**Brief:** Restate word for word the material below, starting at the line that contains "唐山市第二中學(xué)20" and stopping after the last line; skip pictures.
━━━━━━━━━━
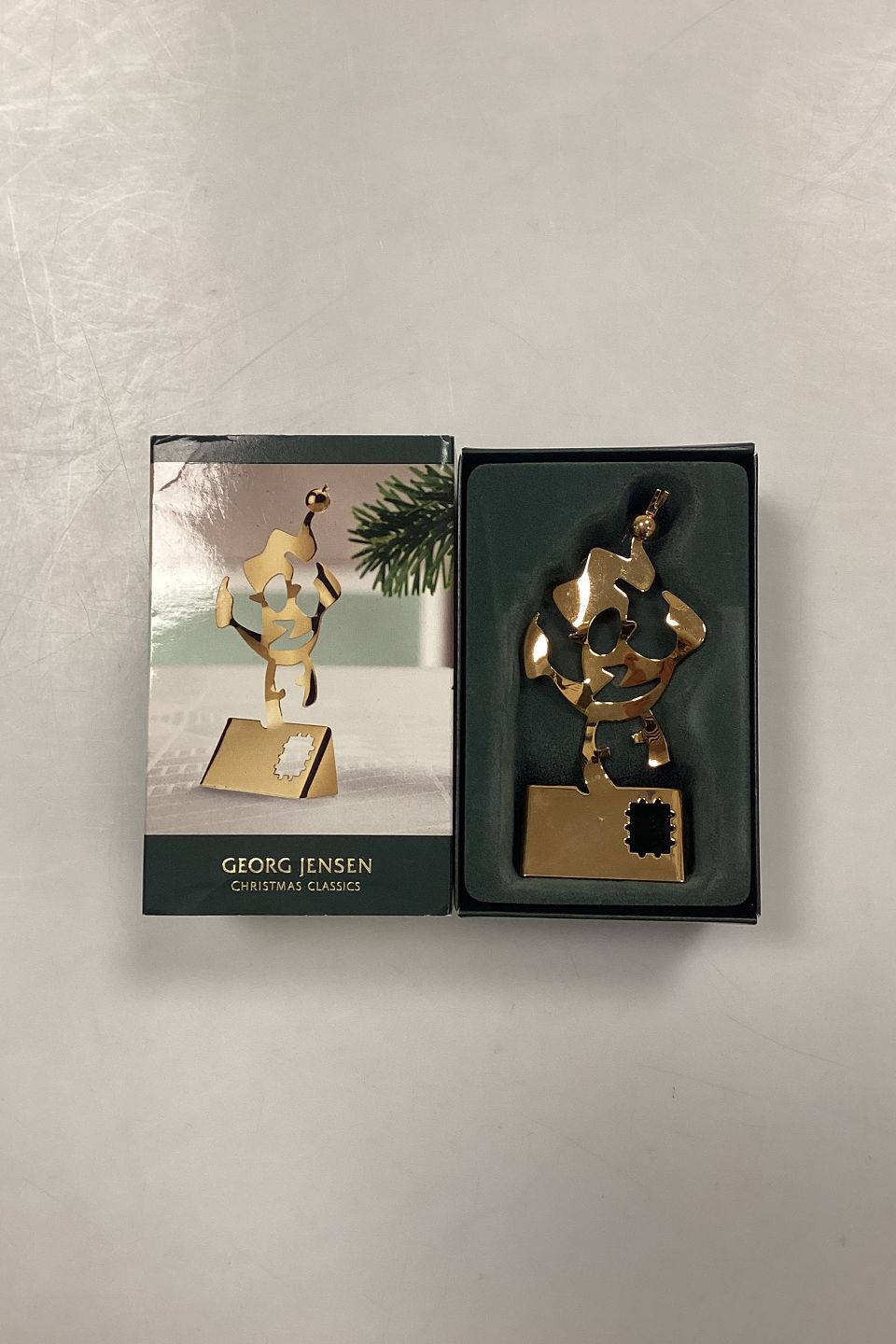 Georg Jensen Christmas Classics Christmas Ornament - Elf on Christmas Card. Designed by Leo Griffin. Steel plated with 24-carat gold.
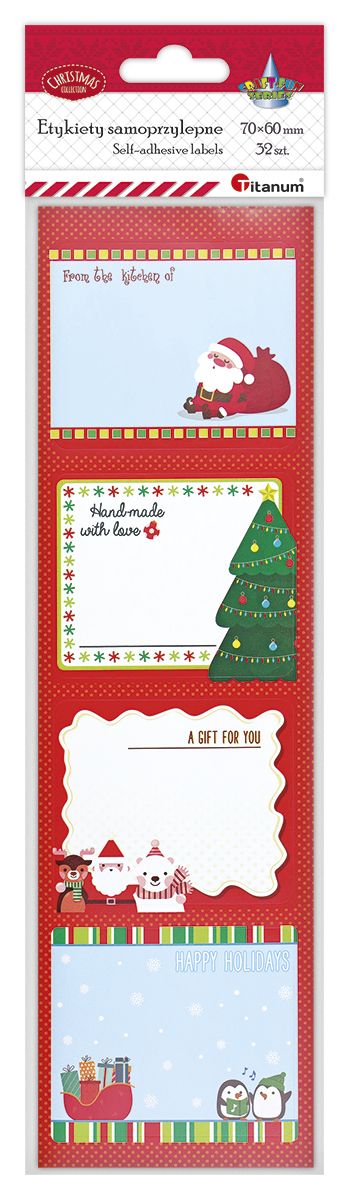 Etykiety samoprzylepne, wzory: Boże Narodzenie, wymiar etykiety: 70x60 mm, 8 plansz, 32 sztuki.
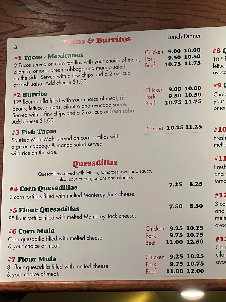 (cheese, chicken, beef or pork) 2 corn tortillas filled with your choice of cheese, chicken, beef or pork served with fresh green vegetable sauce and melted cheese. served with black beans, rice, onions, and cilantro
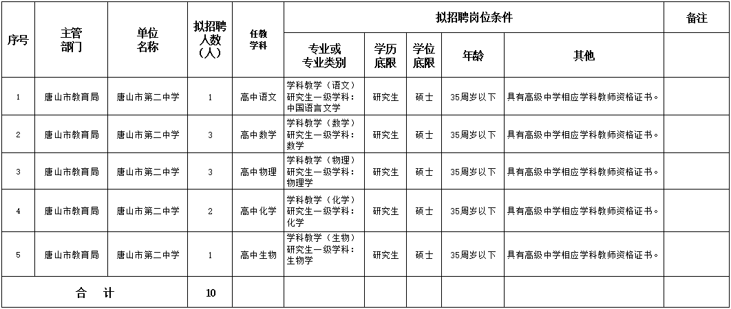 唐山市第二中學(xué)2023年教師專項選聘工作方案為滿足我校對高層次人才和緊缺學(xué)科教師的需求,依據(jù)唐山市教育局發(fā)布《唐山市市直中小學(xué)2023年教師專項選聘工作方案》,擬面向教育部直屬師范大學(xué)、“雙一流”大學(xué)和省級重 ...
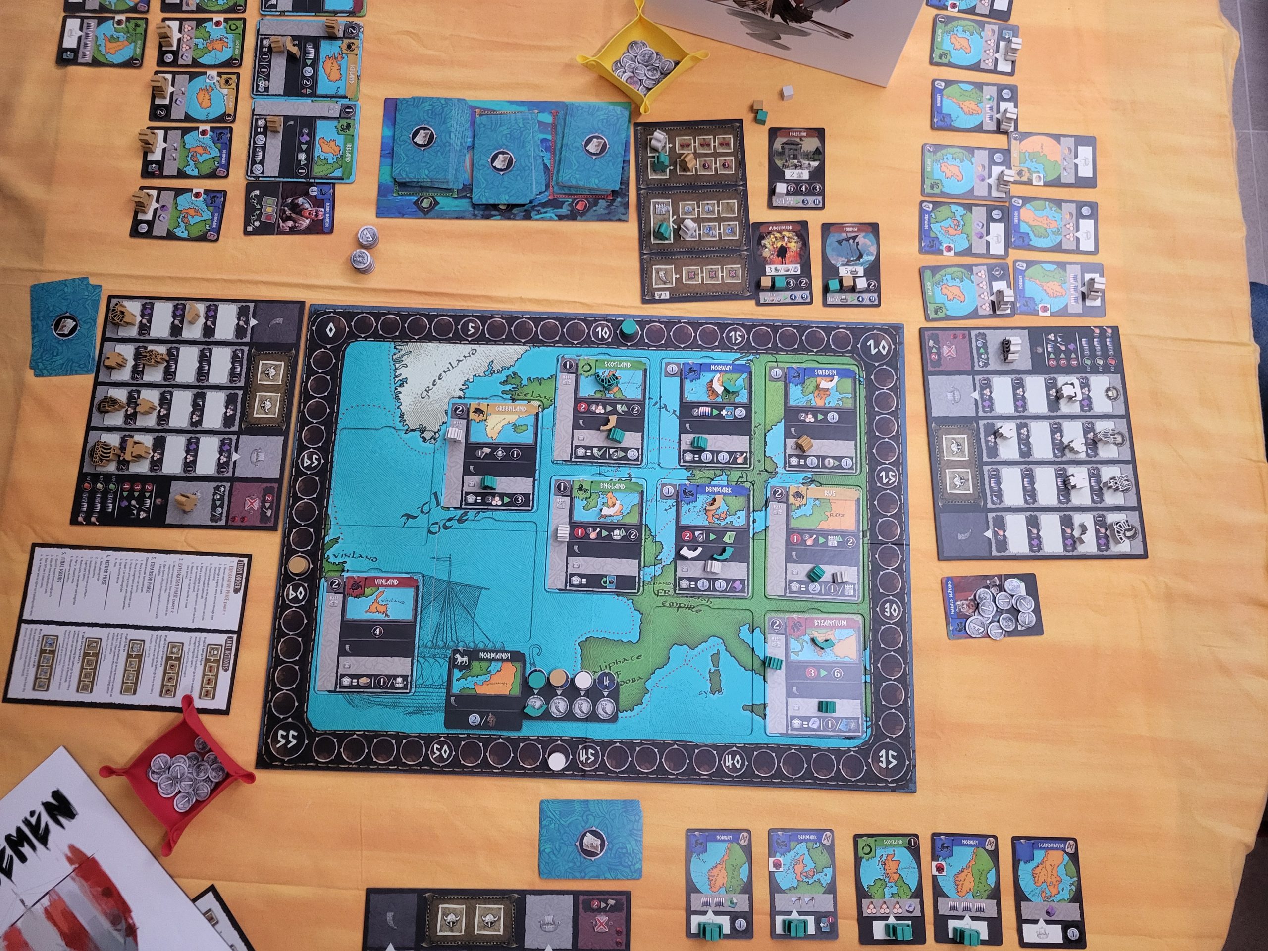 Dans Norsemen, de Christos Giannakoulas et Manolis Zachariadis, édité par Skellig Games, pas de combats violents pour la prise de territoires, pas de collecte de trésors, pas de pièces à manipuler… puisqu’il n’y a pas de ressources matérielles dans le jeu. Non, on part sur tout autre chose : un système à base de cartes et de déplacements maritimes.
━━━━━━━━━━
**Response for this exercise:**
 唐山市第二中學(xué)2023年教師專項選聘工作方案為滿足我校對高層次人才和緊缺學(xué)科教師的需求,依據(jù)唐山市教育局發(fā)布《唐山市市直中小學(xué)2023年教師專項選聘工作方案》,擬面向教育部直屬師范大學(xué)、“雙一流”大學(xué)和省級重 ...
 Dans Norsemen, de Christos Giannakoulas et Manolis Zachariadis, édité par Skellig Games, pas de combats violents pour la prise de territoires, pas de collecte de trésors, pas de pièces à manipuler… puisqu’il n’y a pas de ressources matérielles dans le jeu. Non, on part sur tout autre chose : un système à base de cartes et de déplacements maritimes.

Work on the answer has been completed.